Spinoffs are one avenue for companies to create shareholder value, and history has shown that some spinoffs have the potential to outperform the former parent. Those themes are accessible via exchange-traded funds.

The VanEck Vectors Global Spin-Off ETF (NYSE: SPUN) is one of the spin-off ETFs for investors to consider. SPUN, which debuted in mid-2015, follows the Horizon Kinetics Global Spin-Off Index (GSPIN), “which is a rules-based, equal-weighted index intended to track the performance of listed, publicly held spinoffs that are domiciled and trade in the United States or developed markets of Western Europe and Asia,” according to VanEck.

The Case For Spins

“In 2017, we believe that spin-off activity will remain high, with approximately 10 transactions currently expected to take place during the first half of the year,” said Horizon Kinetics in a note. “Further, a number of small-cap companies qualified for inclusion this quarter, as increasing prices for commodities such as oil, natural gas, base metals, and specialty chemicals have benefited equities (particularly in the materials and industrials sectors) with exposure to these commodities. As a result, the Index re-included a number of small-cap companies that had been Index constituents previously, but had been removed because they had fallen below the $500 million market-cap minimum.”

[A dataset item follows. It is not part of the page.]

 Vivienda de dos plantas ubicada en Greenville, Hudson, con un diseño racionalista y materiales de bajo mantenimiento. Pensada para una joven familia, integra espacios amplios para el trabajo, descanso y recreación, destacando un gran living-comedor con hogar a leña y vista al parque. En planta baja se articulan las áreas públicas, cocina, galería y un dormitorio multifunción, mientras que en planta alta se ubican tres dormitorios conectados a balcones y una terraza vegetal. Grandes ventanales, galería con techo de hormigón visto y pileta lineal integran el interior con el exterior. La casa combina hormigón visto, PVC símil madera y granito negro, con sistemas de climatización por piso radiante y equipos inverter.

SPUN currently allocates 20.7 percent of its weight to consumer discretionary stocks and another 17.2 percent to real estate names. Industrial and technology stocks combine for over 28 percent of the global spin-off ETF's roster.

While SPUN is a global ETF featuring exposure to 12 countries, nearly 83 percent of the ETF's geographic weight is allocated to U.S. firms.

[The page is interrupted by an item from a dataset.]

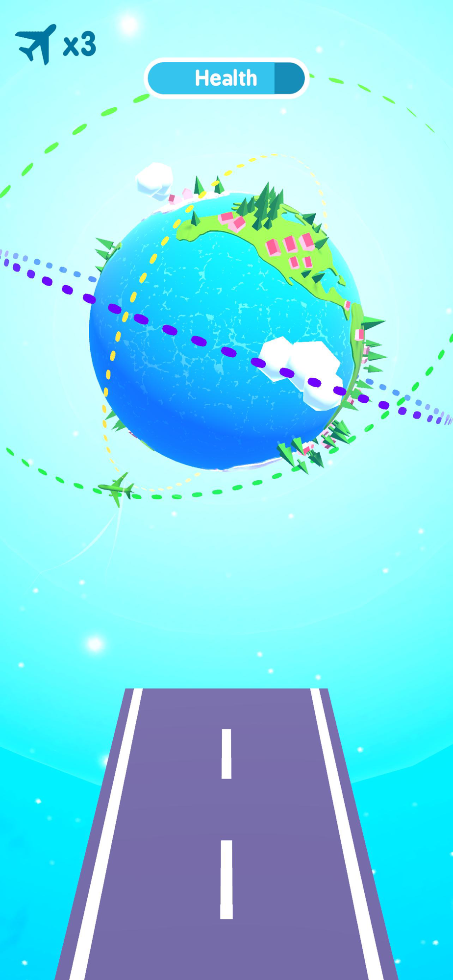 Color match and throw your plane into the right orbiting lane but be careful not to crash your planes or you will destroy planet earth!

Another advantage of SPUN is that the ETF uses an equal-weight methodology.

Methodology

SPUN's index “exposure to small-cap stocks during the fourth quarter provided a boost to performance, with companies between $500 million and $2 billion accounting for the bulk of the Index's return. As a reminder, the Index uses an equal-weight methodology; this is meant to ensure that smaller capitalization constituents can have a meaningful impact on returns, while in a market-cap weighted index they would be dwarfed by the large-cap constituents,” noted Horizon Kinetics.